Lip cancer constitutes a subsite of oral cavity cancer with more than 80% being squamous cell carcinoma (SCC) (1). There is a higher incidence of lip SCC in males in North America (12.7/100,000 per annum), Europe (12.0/100,000 per annum), and Oceania (13.5/100,000 per annum) (2) and the incidence is rising among females (2).
The etiological factors for oral cavity SCC (OCSCC) including lip SCC include allelic imbalance involving tumor suppressor genes (3), oncogenes (3), and carcinogen metabolizing enzymes (4), and the risk factors include tobacco use (5), immune deficiency (6), UV exposure (6), and human papilloma virus infection (7, 8). An overall 5-year survival rate of 88–97% has been reported (1, 9), and this is reduced to 78% in the presence of nodal metastasis and local recurrence (9–11). While surgery and radiotherapy are equally effective for the treatment of early lip SCC, combined treatment is required for advanced lesions (12).

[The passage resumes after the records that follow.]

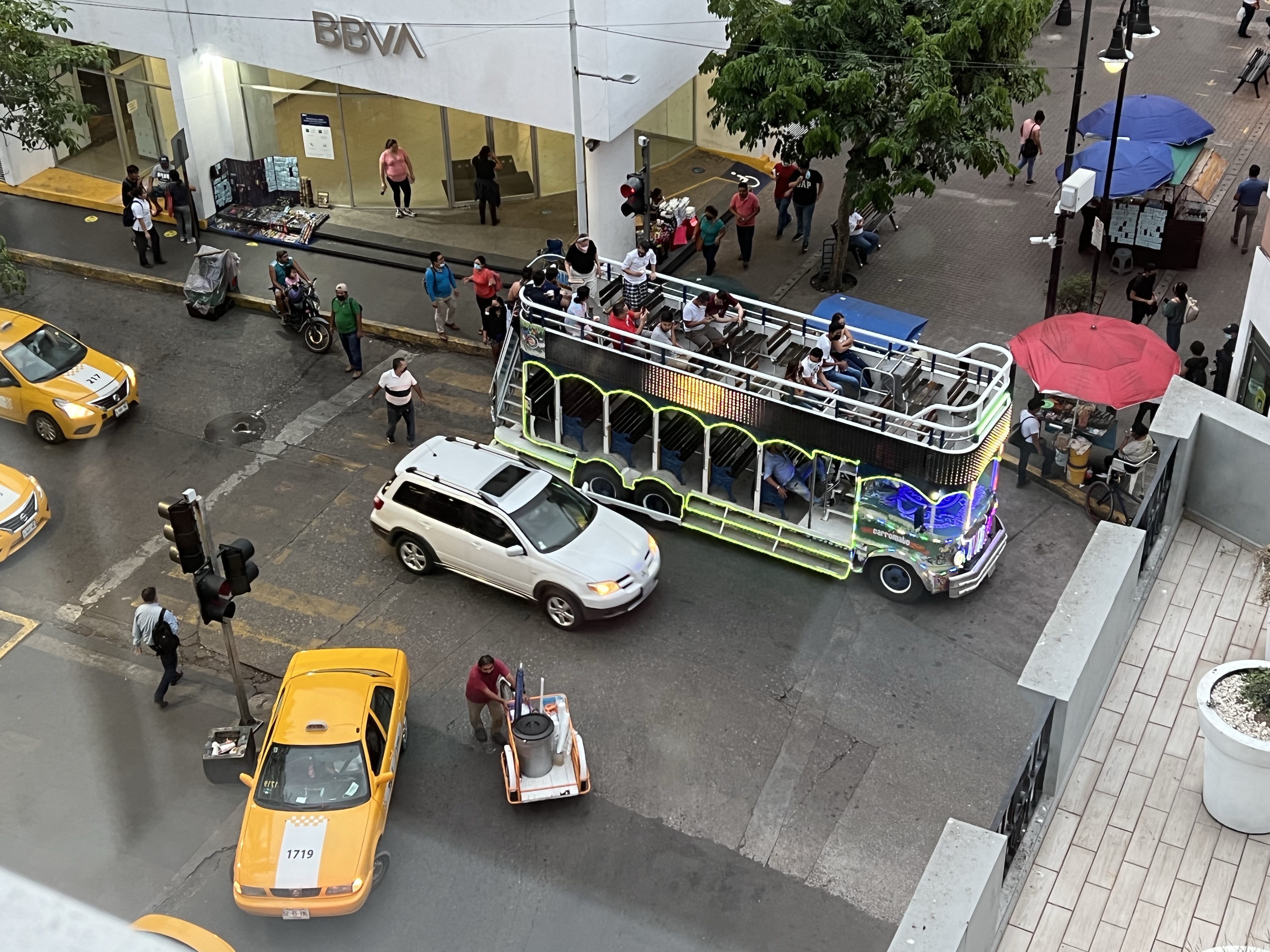 Eigenlijk hebben we niet veel in Ciudad gedaan behalve van het weer genoten. Stralende zon en 37 graden. Wie doet ons wat. We hebben nog op de Malecón (boulevard) gelopen. Een kleine 5 km. Deze was afwisselender met meer keuze van cafe/restaurant onderweg. Met de taxi heen en terug. Dat kost hier niks. En dan, ja wat vervelend weer, bij het zwembad liggen (bakken). ‘S avonds gaan we bij vaquero een mexicaans restaurant. We hadden torta (nee geen taart maar brood) en een gringa. Prima. Lekker! En op loopafstand.
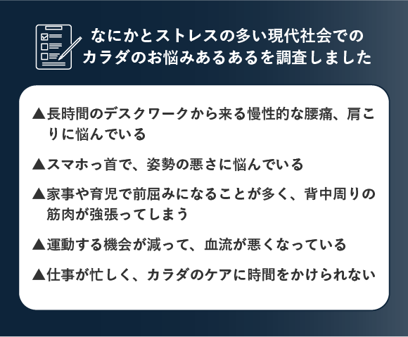 長時間のデスクワークやスマホ操作から起きる姿勢の悪さや血行不良にお悩みという方に特におすすめとなっております。
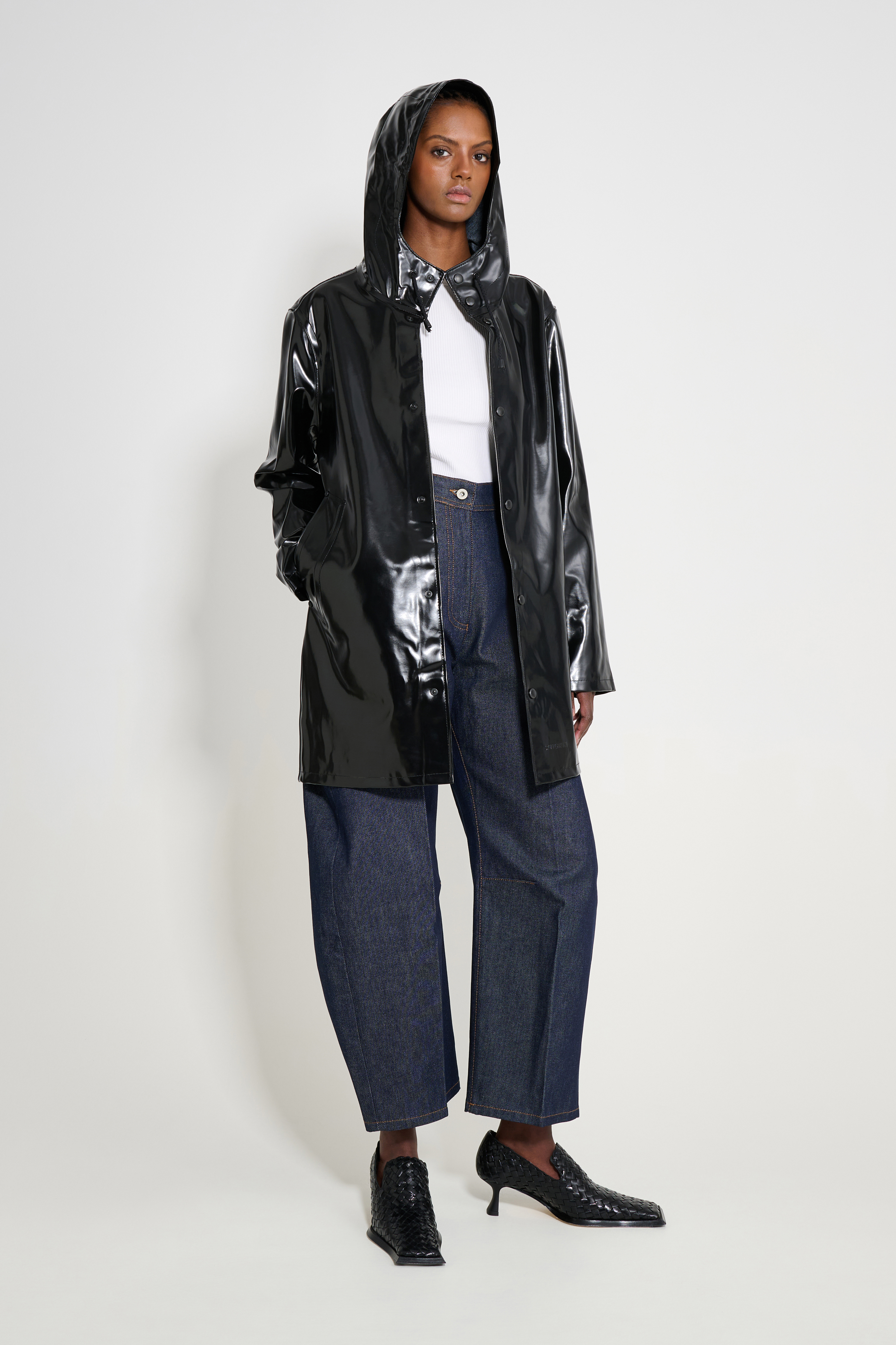 When not in use, we recommend storing your raincoat hanging. Avoid hanging next to garments made of leather or darker denim, to avoid staining from other materials.
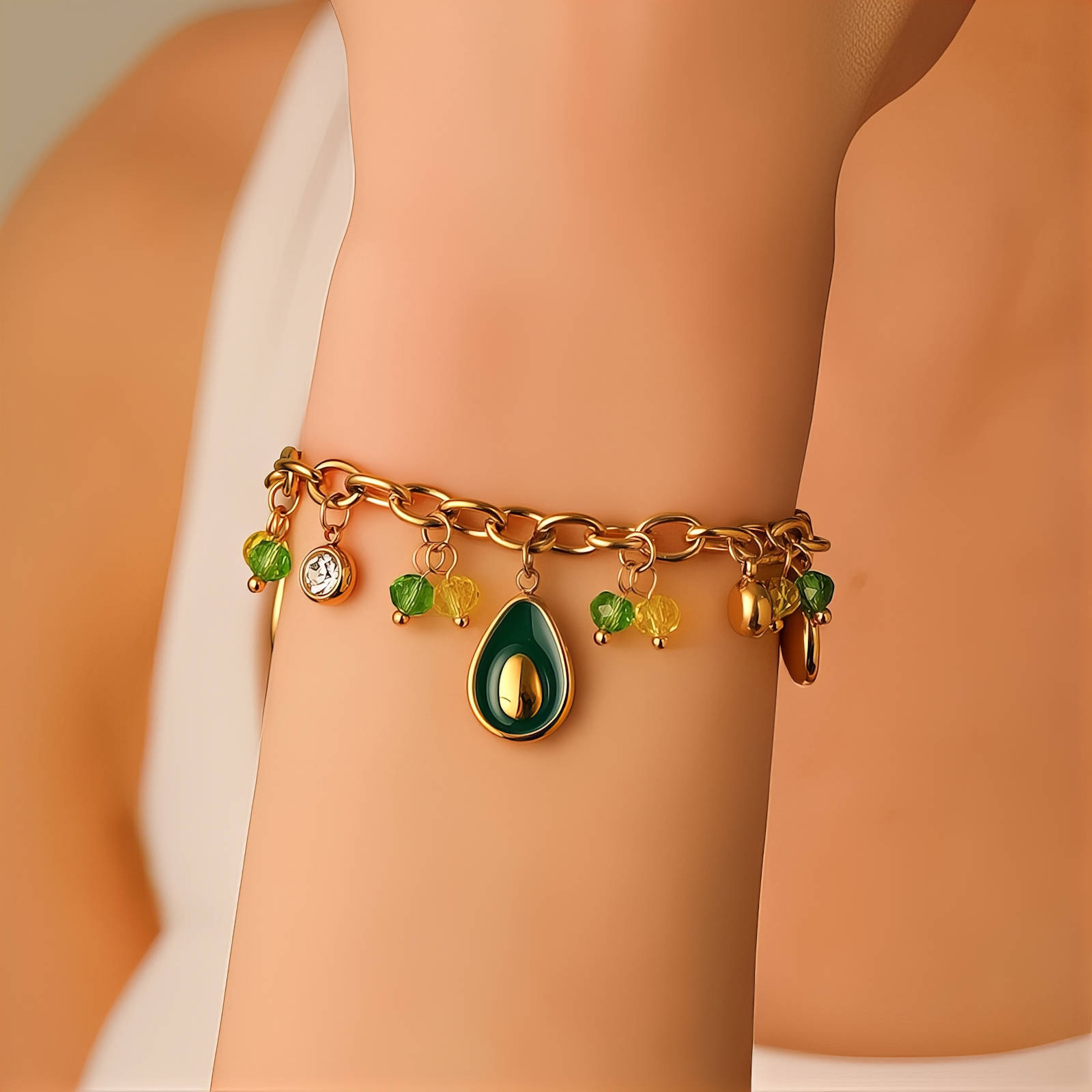 Retiazkový náramok s zelenými príveskami a zirkónmi
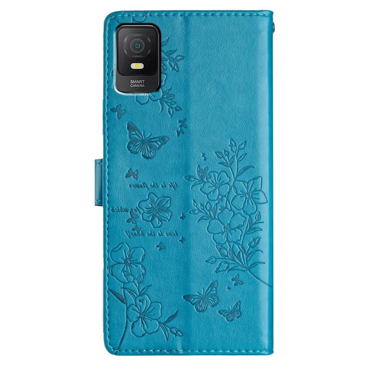 Funda de Cuero para TCL 403 Butterfly Love Flower en Relieve (Azul)
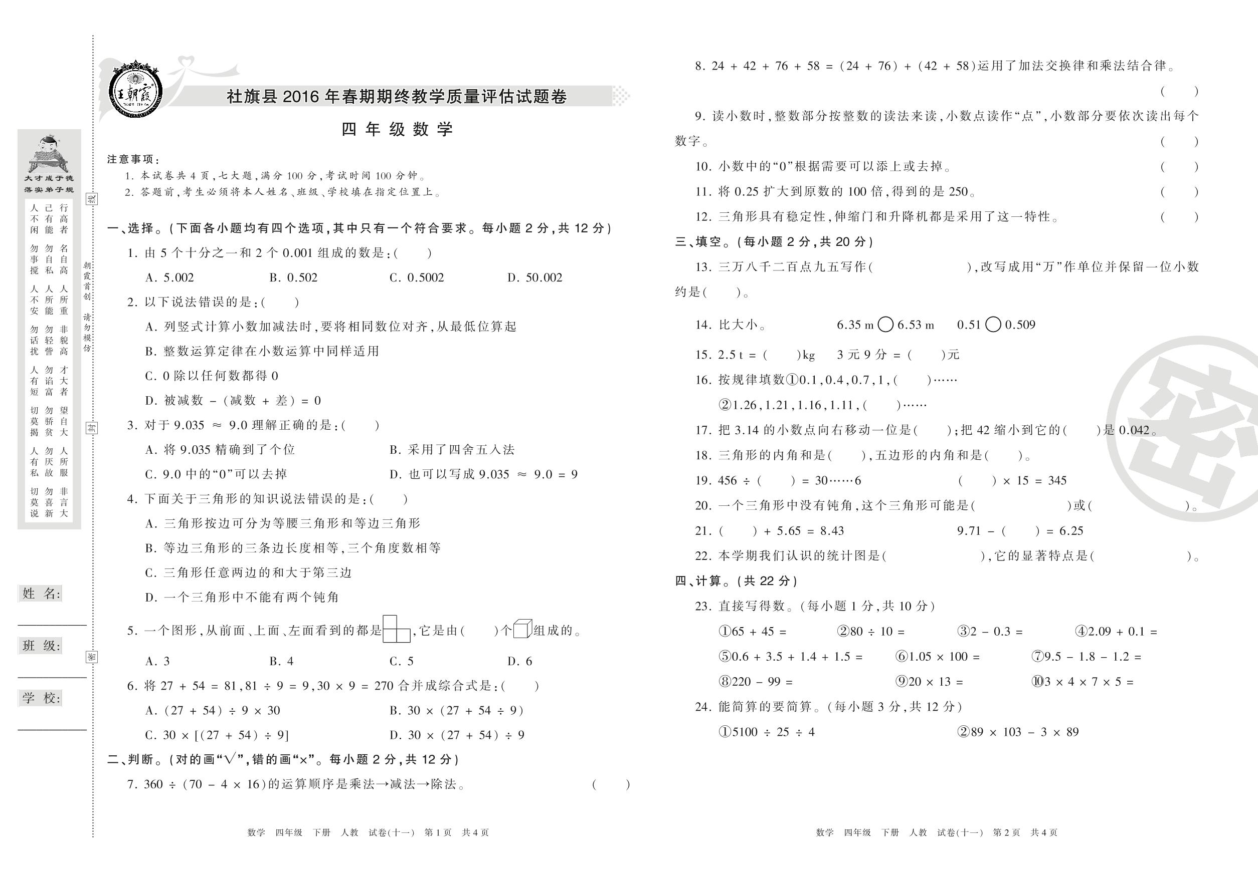 2015-2016学年第二学期南阳市社旗县四年级数学试卷(人教版)【11】
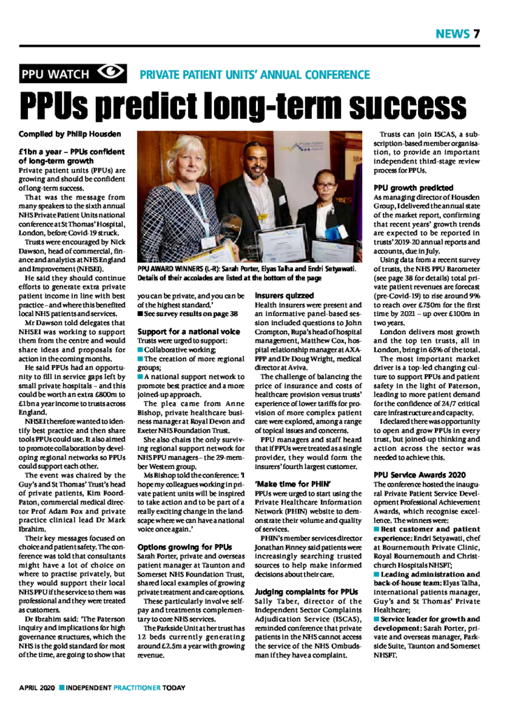 The Independent Practitioner Today publication featured an article about the NHS Private Patient Units’ national conference which took place at St Thomas’ Hospital in mid-March. Read the feature here:

There is growing evidence supporting the hierarchical model of carcinogenesis, which proposes that the development, growth, and spread of cancer are driven by a small population of cancer stem cells (CSCs) (13, 14). Various methods used for identification of CSCs in OCSCC include Hoechst dye exclusion, sphere forming assays, aldehyde dehydrogenase activity, and CSC marker identification (such as CD44, CD133, E-cadherin, keratins, and integrins) (14–16). More recent studies have utilized the embryonic stem cell (ESC) markers, sex-determining region Y (SRY)-box 2 (SOX2) (17), octamer-binding transcription factor 4 (OCT4) (17, 18), phosphorylated signal transducer and activator of transcription 3 (pSTAT3) (19), spalt-like transcription factor 4 (SALL4) (20), and Homeobox protein NANOG (18) to identify CSCs within OCSCC (21, 22).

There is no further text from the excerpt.